→ **TASK GOAL**
Wherever pictures occur in the entries below, leave them out and retype the rest exactly.
*** Opening TASK INPUTS ***
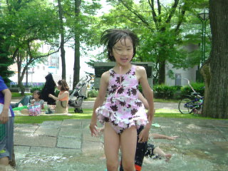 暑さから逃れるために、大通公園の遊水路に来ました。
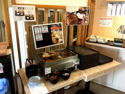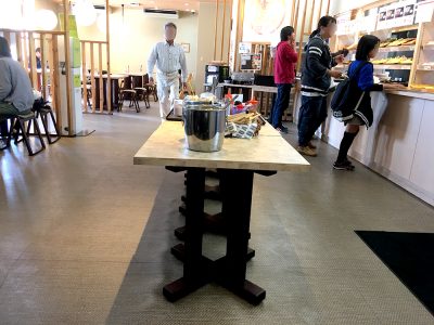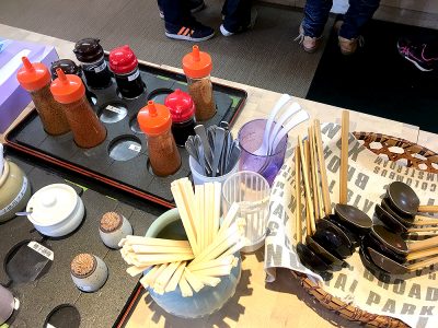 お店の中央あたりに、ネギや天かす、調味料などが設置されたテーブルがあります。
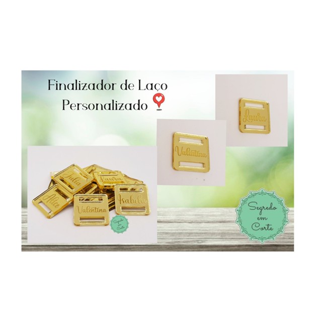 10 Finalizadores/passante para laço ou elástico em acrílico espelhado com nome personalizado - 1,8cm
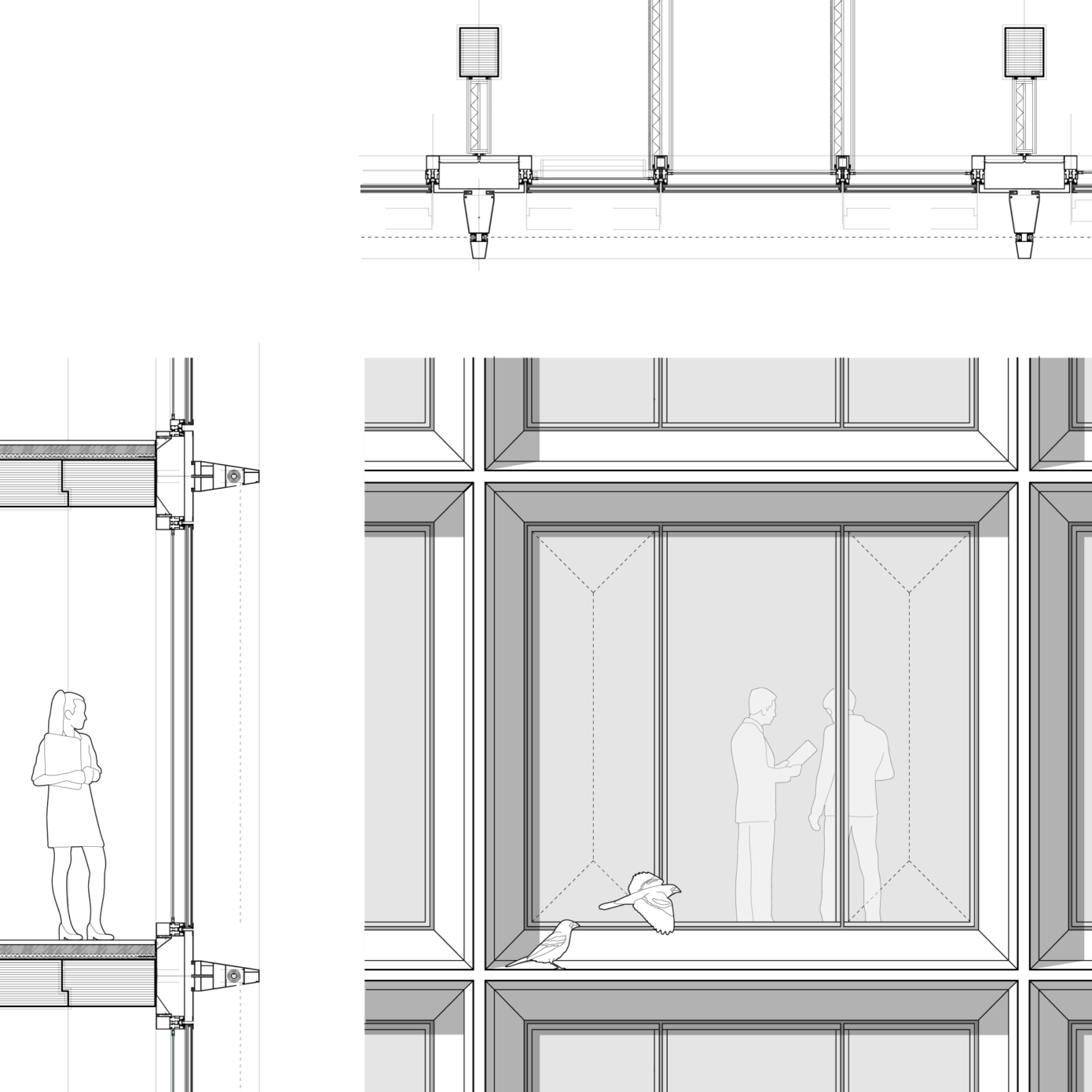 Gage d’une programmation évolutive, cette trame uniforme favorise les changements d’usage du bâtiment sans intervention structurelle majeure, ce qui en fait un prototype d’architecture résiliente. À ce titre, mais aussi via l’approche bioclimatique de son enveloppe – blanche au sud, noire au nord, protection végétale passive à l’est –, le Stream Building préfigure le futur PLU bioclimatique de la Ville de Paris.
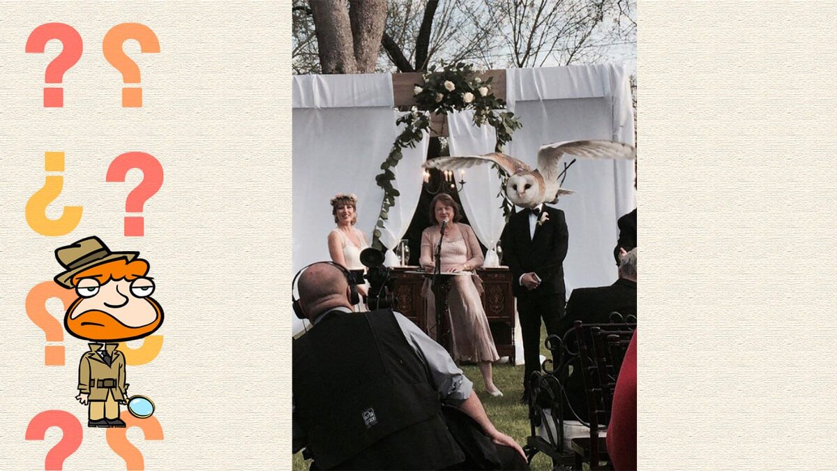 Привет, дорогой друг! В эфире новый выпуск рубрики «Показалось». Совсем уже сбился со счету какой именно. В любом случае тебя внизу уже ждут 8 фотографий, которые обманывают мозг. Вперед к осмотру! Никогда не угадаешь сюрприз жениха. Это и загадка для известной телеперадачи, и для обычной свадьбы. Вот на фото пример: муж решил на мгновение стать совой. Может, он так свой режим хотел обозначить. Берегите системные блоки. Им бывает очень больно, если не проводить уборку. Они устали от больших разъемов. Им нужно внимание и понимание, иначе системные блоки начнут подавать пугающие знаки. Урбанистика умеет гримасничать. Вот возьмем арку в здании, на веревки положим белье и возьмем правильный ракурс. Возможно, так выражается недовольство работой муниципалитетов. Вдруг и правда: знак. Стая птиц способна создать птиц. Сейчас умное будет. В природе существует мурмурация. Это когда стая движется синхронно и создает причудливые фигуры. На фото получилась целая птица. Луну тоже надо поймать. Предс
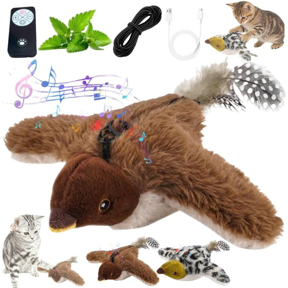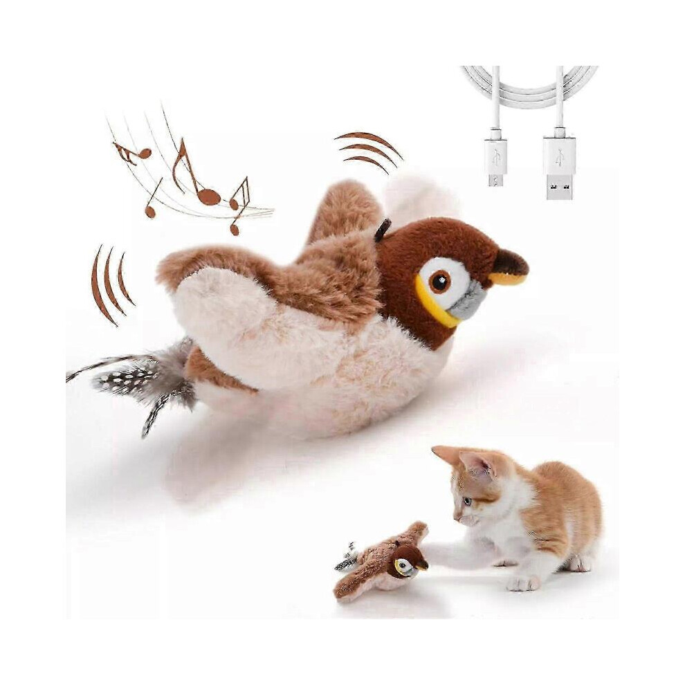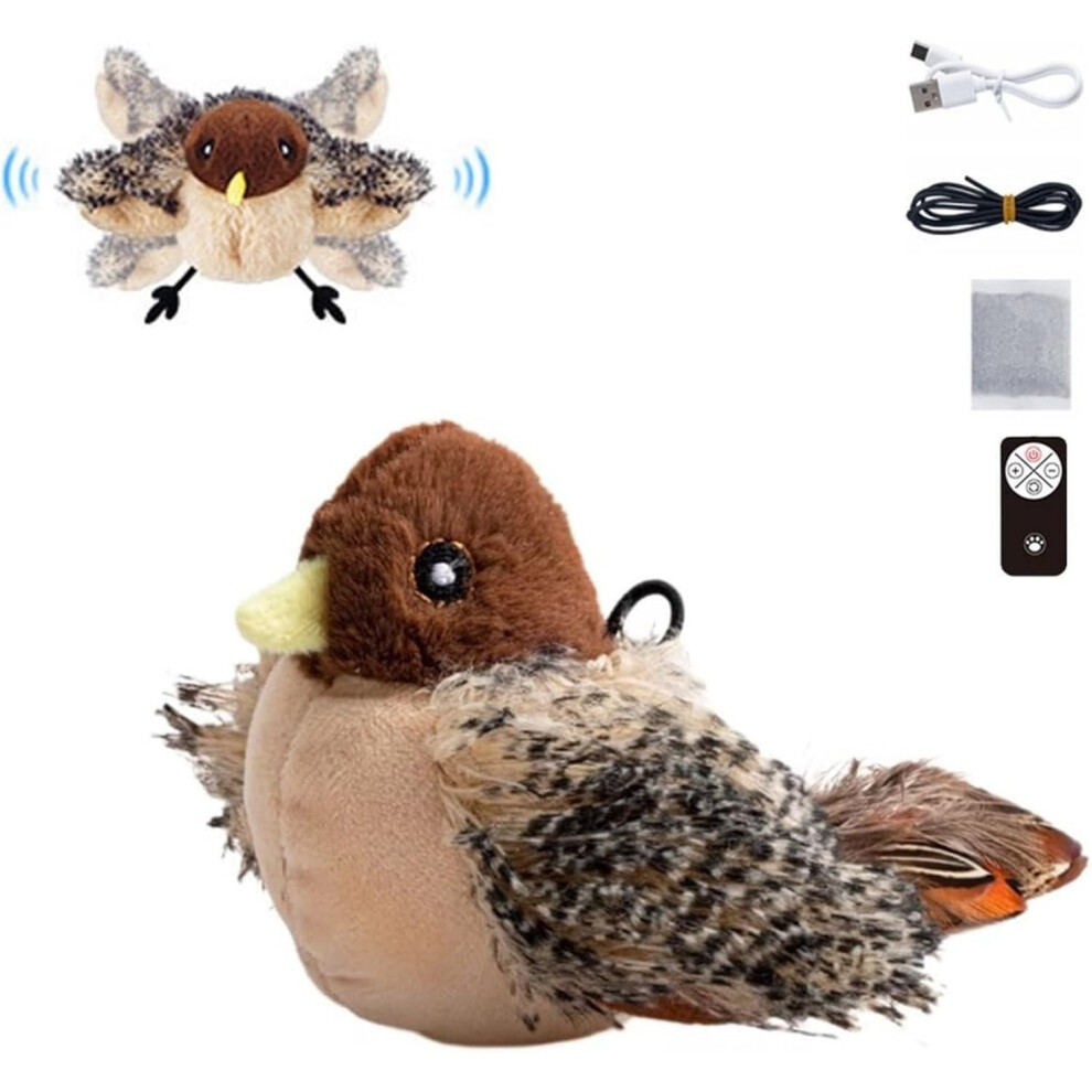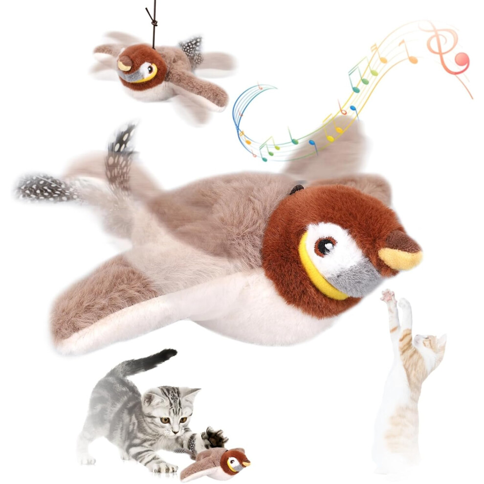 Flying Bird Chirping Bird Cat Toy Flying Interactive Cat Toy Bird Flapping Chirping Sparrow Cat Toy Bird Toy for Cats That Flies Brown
*** Closing TASK INPUTS ***
→ **EXERCISE OUTPUT**
 暑さから逃れるために、大通公園の遊水路に来ました。
 お店の中央あたりに、ネギや天かす、調味料などが設置されたテーブルがあります。
 10 Finalizadores/passante para laço ou elástico em acrílico espelhado com nome personalizado - 1,8cm
 Gage d’une programmation évolutive, cette trame uniforme favorise les changements d’usage du bâtiment sans intervention structurelle majeure, ce qui en fait un prototype d’architecture résiliente. À ce titre, mais aussi via l’approche bioclimatique de son enveloppe – blanche au sud, noire au nord, protection végétale passive à l’est –, le Stream Building préfigure le futur PLU bioclimatique de la Ville de Paris.
 Привет, дорогой друг! В эфире новый выпуск рубрики «Показалось». Совсем уже сбился со счету какой именно. В любом случае тебя внизу уже ждут 8 фотографий, которые обманывают мозг. Вперед к осмотру! Никогда не угадаешь сюрприз жениха. Это и загадка для известной телеперадачи, и для обычной свадьбы. Вот на фото пример: муж решил на мгновение стать совой. Может, он так свой режим хотел обозначить. Берегите системные блоки. Им бывает очень больно, если не проводить уборку. Они устали от больших разъемов. Им нужно внимание и понимание, иначе системные блоки начнут подавать пугающие знаки. Урбанистика умеет гримасничать. Вот возьмем арку в здании, на веревки положим белье и возьмем правильный ракурс. Возможно, так выражается недовольство работой муниципалитетов. Вдруг и правда: знак. Стая птиц способна создать птиц. Сейчас умное будет. В природе существует мурмурация. Это когда стая движется синхронно и создает причудливые фигуры. На фото получилась целая птица. Луну тоже надо поймать. Предс
 Flying Bird Chirping Bird Cat Toy Flying Interactive Cat Toy Bird Flapping Chirping Sparrow Cat Toy Bird Toy for Cats That Flies Brown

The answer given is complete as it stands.